La dipendenza affettiva inizia, quindi, dove finisce la capacità di vivere il rapporto di coppia come un flusso costante tra momenti di separatezza e momenti di fusionalità, quando l’amore non è più fonte di arricchimento, ma compensazione di qualcosa che supplisce il senso di vuoto, le paure e/o i bisogni, rendendo, di conseguenza, il rapporto una situazione di limitazione reciproca. Quando si crea una dipendenza affettiva, l’amore non è più uno spazio di crescita in libertà per creare una nuova dimensione, ma uno spazio parassitario, inibito, dove si rimane sospesi in un limbo fatto di paure per il cambiamento.
Spesso chi si invischia in un legame di dipendenza ha un’autonomia più fragile, una svalutazione pervasiva del valore di sé, un bisogno continuo di conferme. Per dare risposta a queste necessità, si arriva alla frustrazione e alla delusione, che portano con sé i fantasmi della separazione e della solitudine. Pur di non sentirsi soli e dare un senso di completezza alla propria persona, ci si annulla, non si ascoltano più i propri bisogni, con la speranza che il nostro amore sarà in grado di cambiare l’altra persona e creare una coppia felice. In realtà si sperimentando poi forti vissuti di ansia e sensi di colpa, rabbia e frustrazione nel non vedere l’amore ricambiato.
“Non posso stare con te” – “non posso vive senza di te”: ecco il paradosso di questo tipo di amore, dove si finisce ad amare l’altro più di se stessi.
Quale emozione caratterizza maggiormente questo tipo di amore? La PAURA: paura di perdere l’amore, paura dell’abbandono, paura di mostrarsi per quello che si è, senso di colpa, senso di inferiorità, rabbia, gelosia e possessività.

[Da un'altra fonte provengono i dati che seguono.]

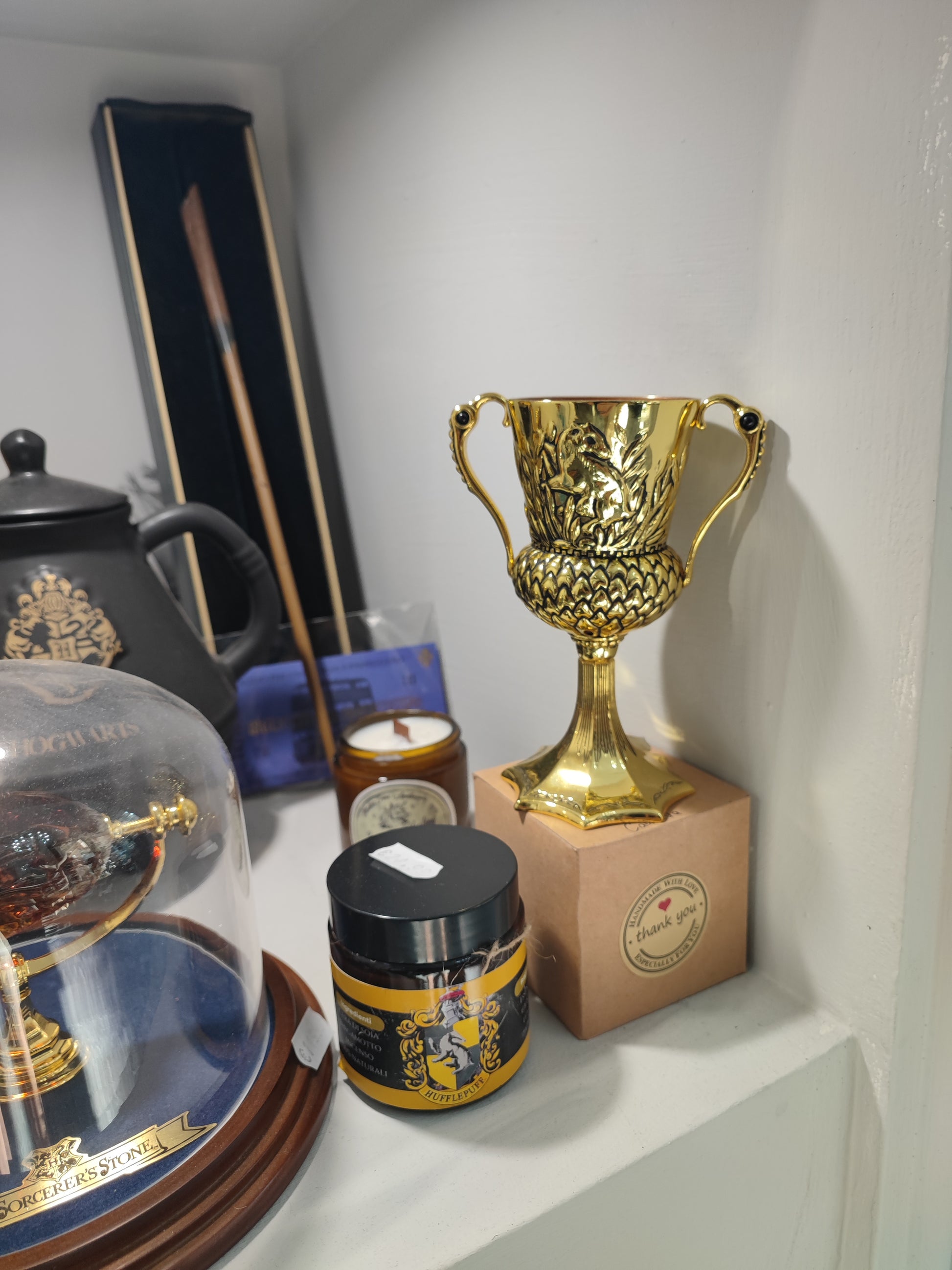 Questa è una replica autentica della Coppa di Tassorosso/tassofrasso, come si vede nella saga di "Harry Potter". Misura 13 cm di altezza. Un pezzo da collezione davvero fantastico 😍
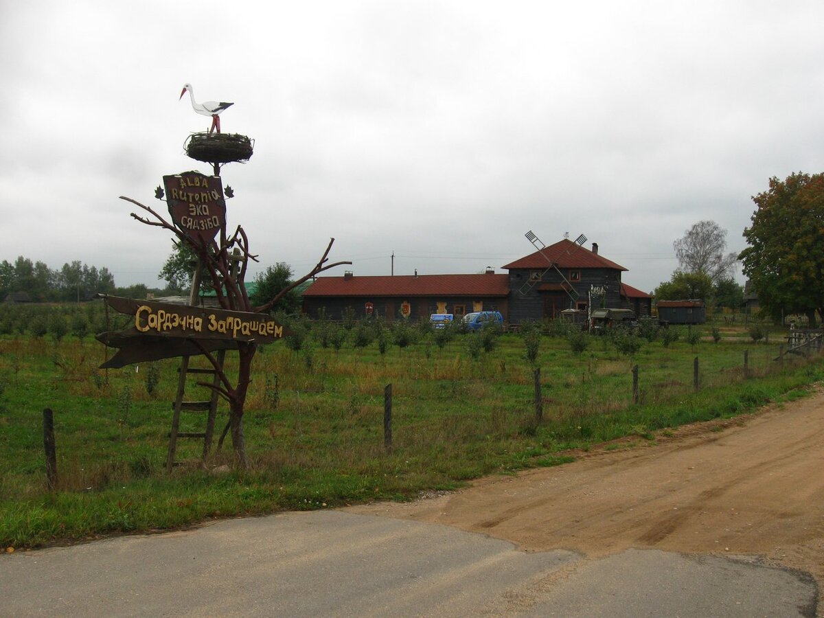 Утро выдалось пасмурным, однако дождя, преследовавшего нас почти все время, не было, что несколько радовало - несмотря на предельную близость трассы к дому моих родственников, ждать под дождем не улыбалось ни разу. И вот, получено подтверждение о том, что маршрутка вышла из Лиды, а значит, через 15 минут она уже будет напротив дома. Рядом - через дорогу - экоусадьба - популярный в Беларуси вид бизнеса и отдыха.

Queste difficoltà si riscontrano principalmente in chi soffre di disturbo d’ansia di separazione, disturbo dipendente di personalità, disturbo narcisistico di personalità, disturbo borderline di personalità, depressione.

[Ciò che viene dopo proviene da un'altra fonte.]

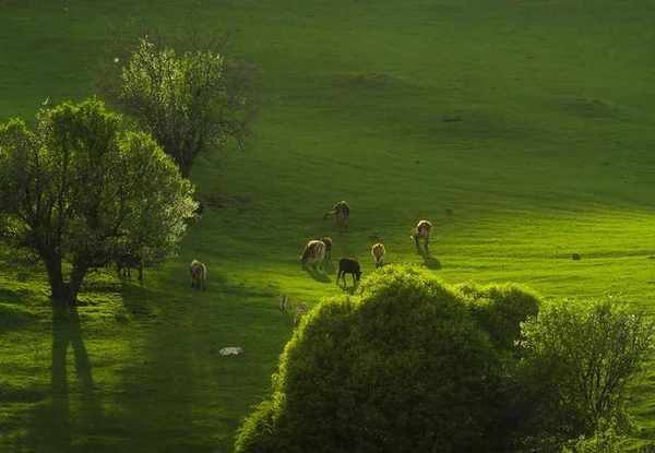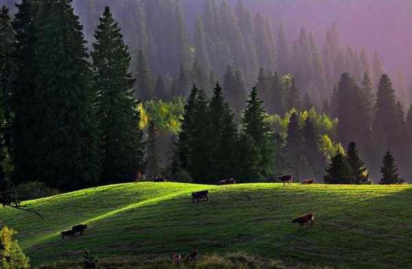 草原清风迎面扑来,太阳从一道道青山间升起,把盘龙谷道刷成了金色,在这宁静的幽谷里,该是一种至真至善的纯朴生活。
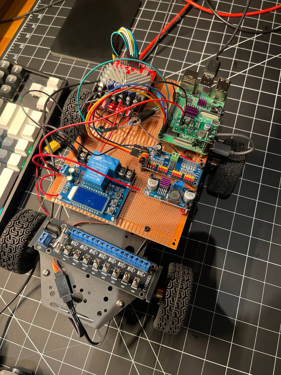 Wired up the rear motor controller, voltage sensor, 2 step down regulators - one for the servo steering, the other for the motors and controller - and started it up from the battery. Looks like nothing smoked, that's a good sign.
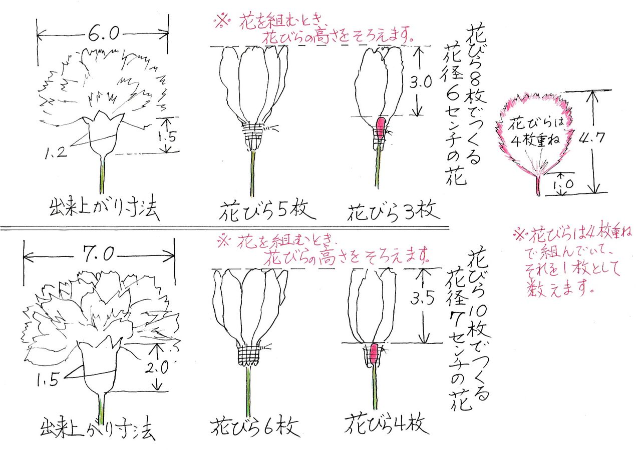 花びらは、4枚を一つにまとめています。それを一つと数え、花径6cmの花は、花びら8枚で、花径7cmの花は10枚で組むと綺麗に仕上がります。
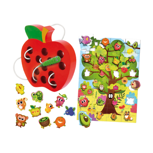 משחק חינוכי לילדים בגילאי 3–4 הכולל פאזל עץ תפוחים מעץ ומשחק השחלה עם זחל. מפתח מוטוריקה עדינה, חשיבה יצירתית וכיף אינטראקטיבי.
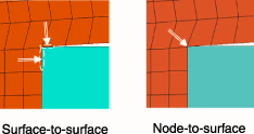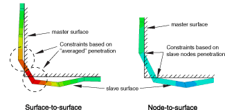 Contact at cornersThe finite-sliding, surface-to-surface formulation is often better-suited than other contact formulations for modeling contact near corners. In the example shown in Figure 11, the slave surface is on the “outer” body (i.e., the body with a reentrant corner). With node-to-surface discretization a single constraint acts at the corner slave node in the “average” normal direction of the master surface, which often leads to poor resolution of contact, non-physical response, and even early termination of an analysis. However, surface-to-surface discretization generates two constraints near the corner for the respective faces, as shown in Figure 11, resulting in more stable contact behavior. Figure 11. Comparison of contact formulations in an example with abutting
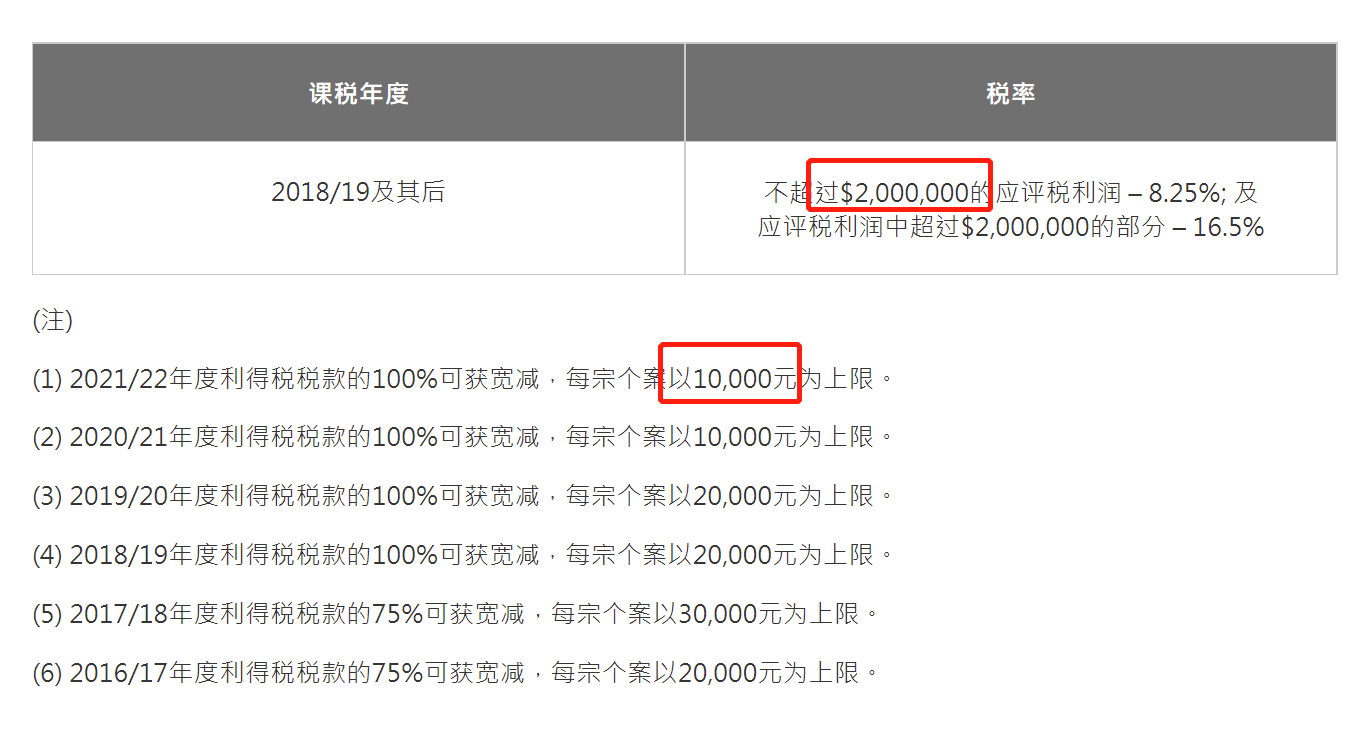 香港利得稅減免1萬答
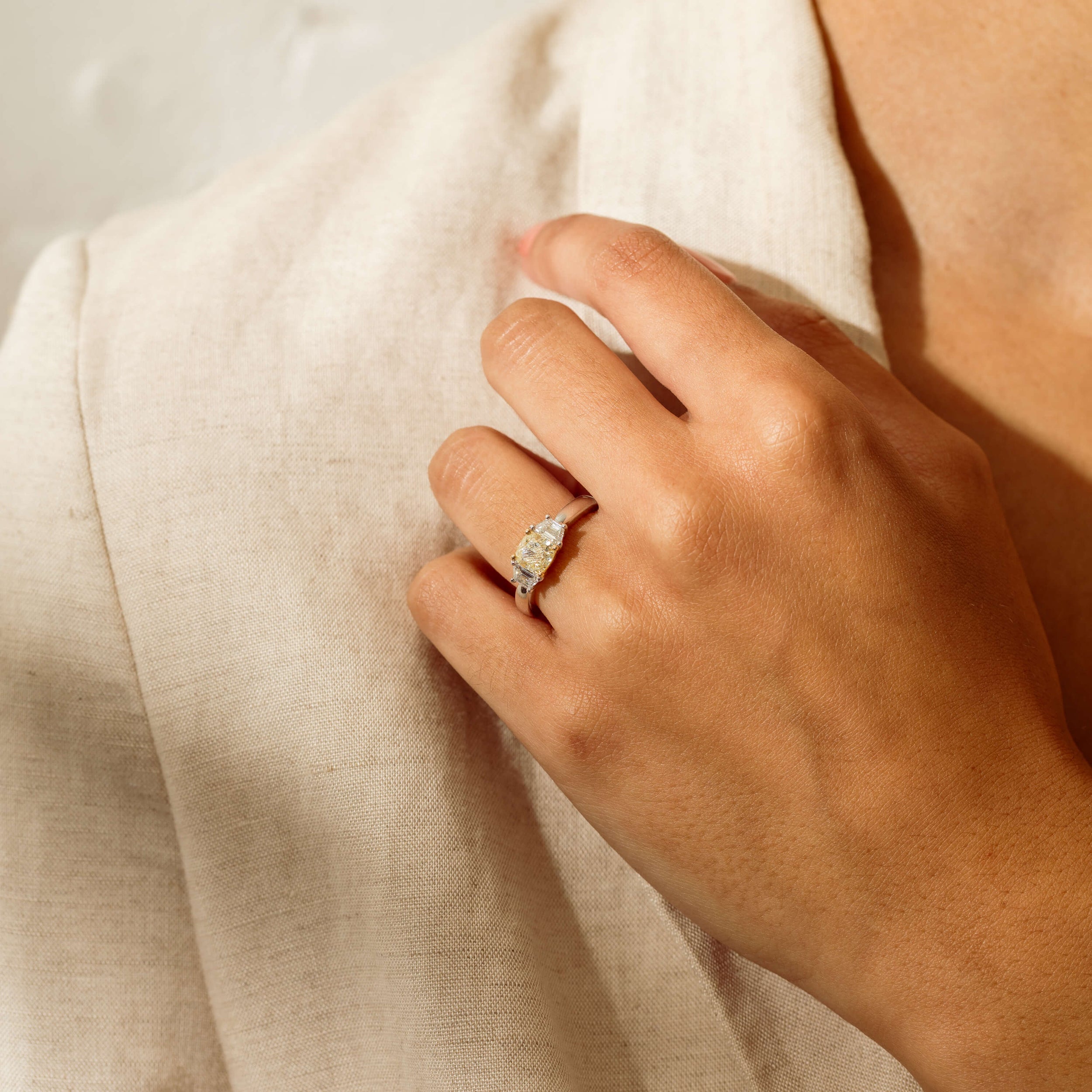Model wearing natural diamond and gemstone jewellery from the 1899 Collection

Perché questi legami non finiscono, se sono alimentati dalla paura? Perché in genere si sceglie un partner manipolatore, in grado di approfittare della dedizione e devozione dell’altro. Attraverso la tendenza a sminuire, criticare e/o umiliare l’altro, a raccontare bugie, a fare spesso la vittima colpevolizzando l’altro, ad essere aggressivo e geloso, costringendo il partener a lasciare le sue amicizie ed i suoi interessi si crea così il circolo vizioso che alimenta l’altalena emotiva che viene scambiata per amore.

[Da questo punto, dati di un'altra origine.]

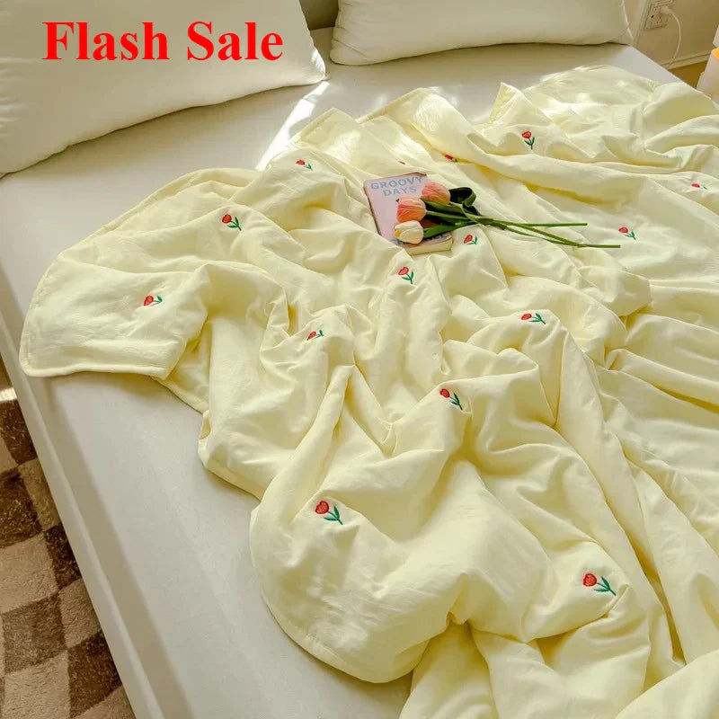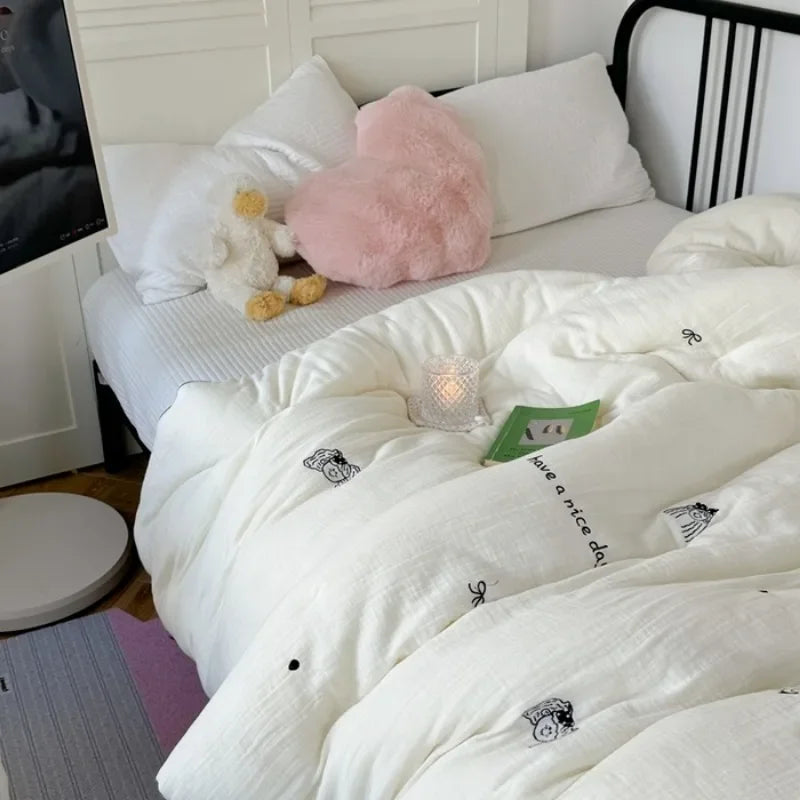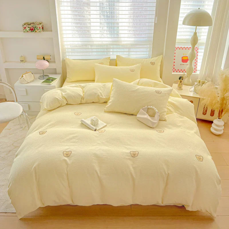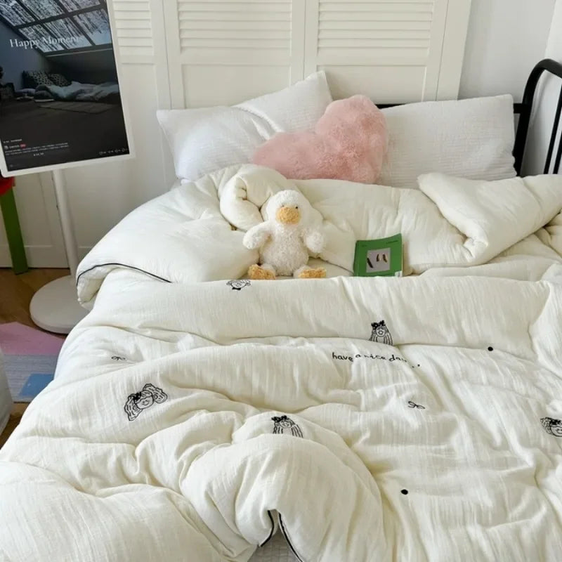 The embroidered design adds a touch of elegance and charm to your bedroom decor. Crafted with care and precision, this bedding set includes a duvet cover, 2 pillowcases, and 1 sheet, all featuring a delightful cartoon style that will brighten up your room.
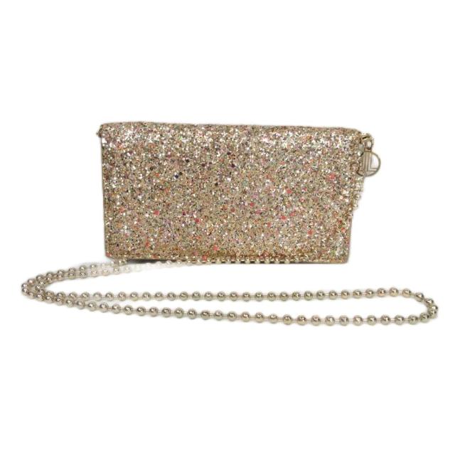 【中古】ランバンオンブルー LANVIN en Bleu マルチポシェット ショルダー付き 財布 スパンコール ゴールドカラー

Quando un soggetto con una dipendenza affettiva arriva in terapia, proprio per la sua grande sofferenza, si dovrà affrontare il senso di vuoto, di perdita di identità, i sentimenti di rabbia e frustrazione. Queste emozioni saranno la base per andare alla ricerca della propria autonomia e individualità, riscoprendo se stessi, capire cosa si sente e cosa si pensa, aprirsi a nuove possibilità di scelta, e sganciarsi dalle false illusioni di poter cambiare l’altro grazie all’amore o essere salvati dal super-eroe.